We also divested the loss-making manufacturing company MK Metallkomponenten GmbH, which specializes in metal processing. This divestment is a strategic decision in the Group's ambition to streamline its supply chain and focus on the core competencies of our production activities.

The organizational changes are being executed according to plan and we have established the management structure that from January 2016 will implement and carry out the changes necessary to enable restored margins and reignited growth. In addition, important plans and targets have been developed for how we will realize the savings potential of the transformation program. This work is being led by the newly established Program Management Office, which will facilitate the change and follow up on plans and progress.

In conclusion, I would like to take this opportunity to thank my anchor, CFO Ulf Grunander, who has decided to retire after 23 years with Getinge Group. He has been a solid partner in setting the future plans for the company and has contributed great experience and expertise throughout the process. Both Ulf and I look forward to welcoming Pernille Fabricius as our new CFO on February 22.

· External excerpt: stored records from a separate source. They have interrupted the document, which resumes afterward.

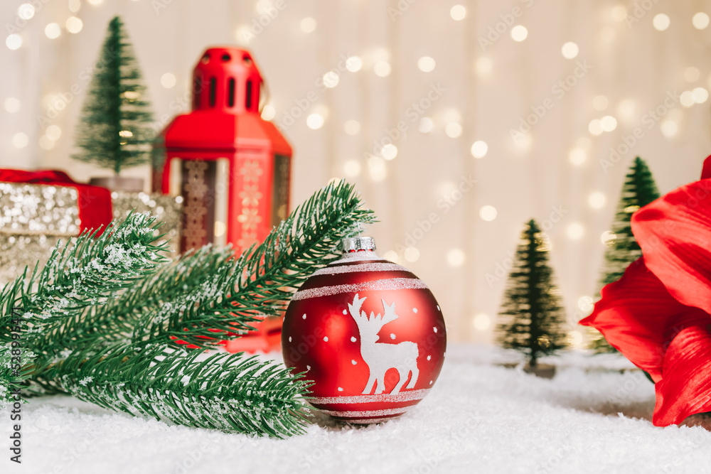 Festive composition with fir tree branch, red bauble ball decor, small Christmas trees, lantern on the snow against a warm lights bokeh background. Merry Xmas and Happy new year. Selective focus.
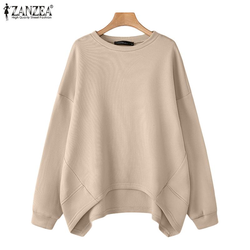 ZANZEA Women Casual O-neck Long Sleeve Asymmetry Hem Pullover Sweatshirts
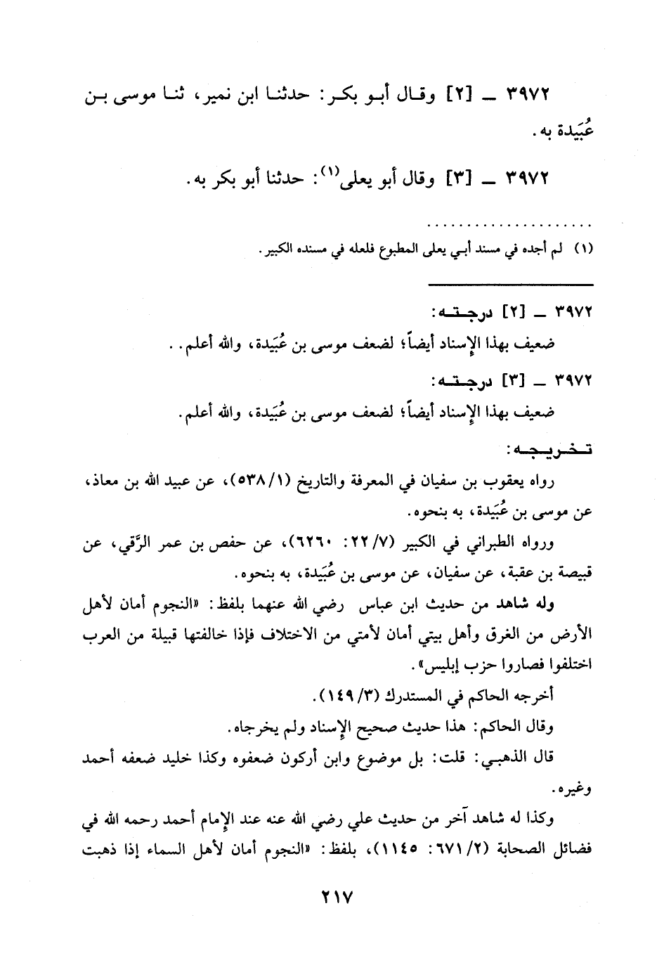 3972 - [2] وَقَالَ أَبُو بَكْرٍ: حَدَّثَنَا ابْنُ نُمَيْرٍ، ثنا مُوسَى بْنُ عُبَيدة بِهِ.
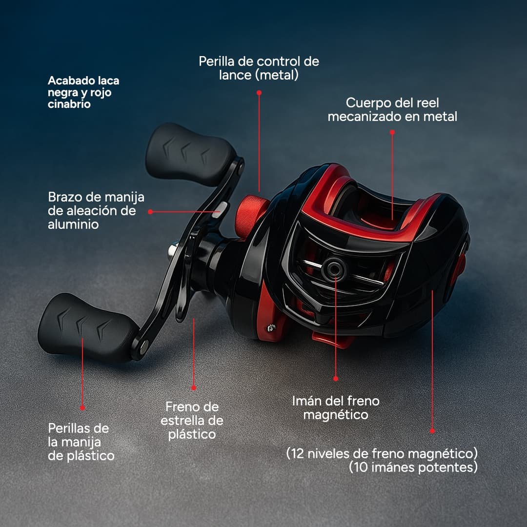 La combinación de cuerpo de aluminio y grafito reforzado reduce el peso sin sacrificar resistencia, lo que lo hace cómodo para pescar durante varias horas seguidas, especialmente en pesca de casteo continuo.
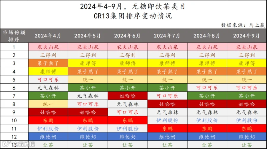 纵观整个2024年4-9月的CR13集团排名变化,可以看到:头部第一名的农夫山泉、第二名的三得利,以及尾部的维他奶、让茶,都是4-9月没有名次变化的,主要的名次变化集中在3-11位之间。
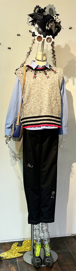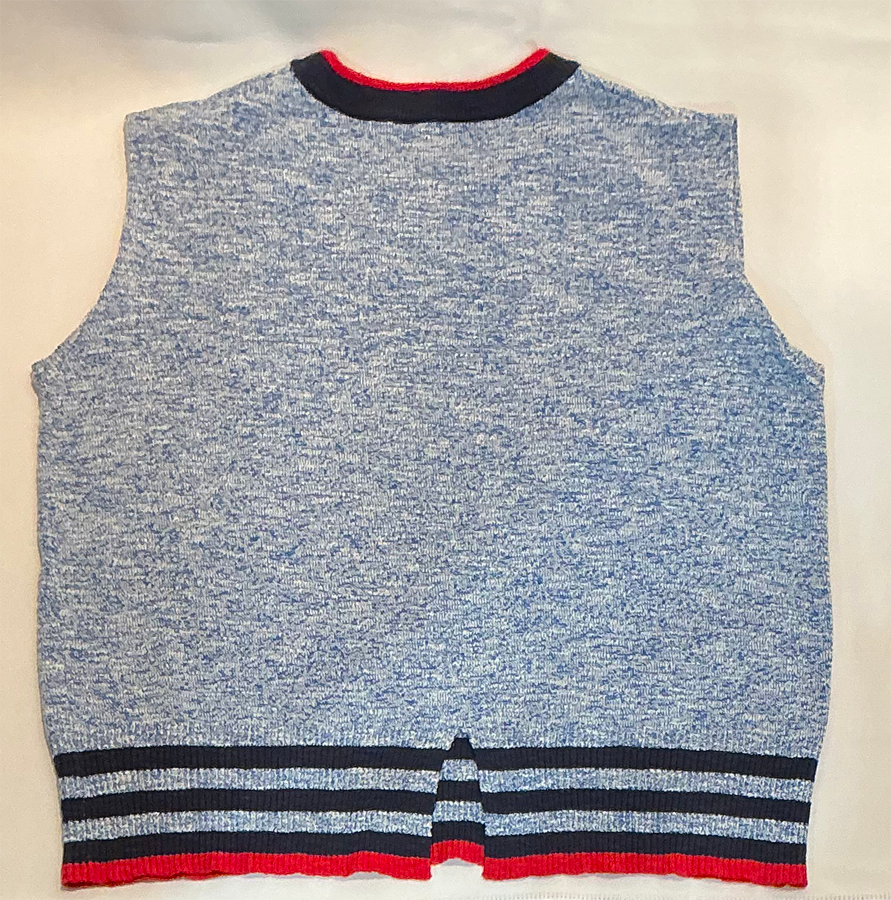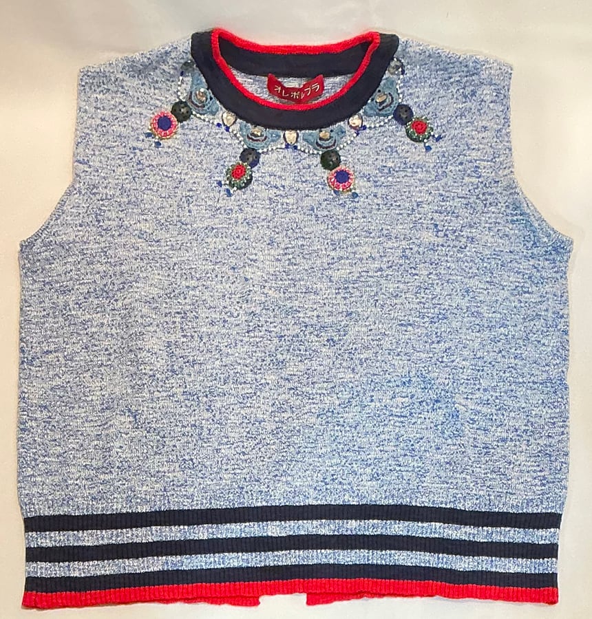 襟元についたかぎ針モチーフがアクセントのベスト。
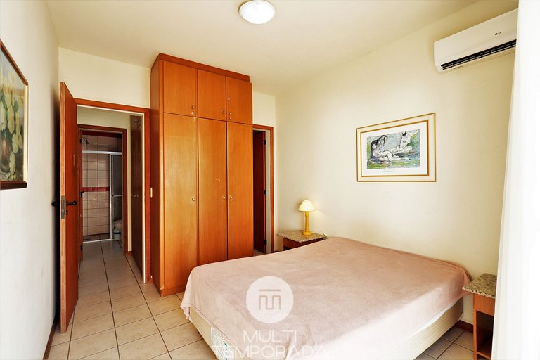 Apartamento Suite - 01 dormitorio con cama doble, aire acondicionado, sala de estar con dos ambientes, una cama bi-cama y una cama doble, TV y cocina (nevera, microondas, cocina eléctrica y elementos básicos de cocina), 1 baño y balcón con barbacoa.

Alex Myers, CEO & President

Outlook

In the EMEA region, the Group expects slightly positive growth, which is also our assessment of the Western European market. In the Americas region, the Group also expects slightly positive growth, with demand in the North American market deemed to increase slightly, while challenges in Latin America remain. In the Asia/Pacific region, growth prospects are expected to be favorable, with a particularly positive outlook for South-East Asia and India, although China remains difficult to assess. All in all, volume growth is deemed to be positive in 2016.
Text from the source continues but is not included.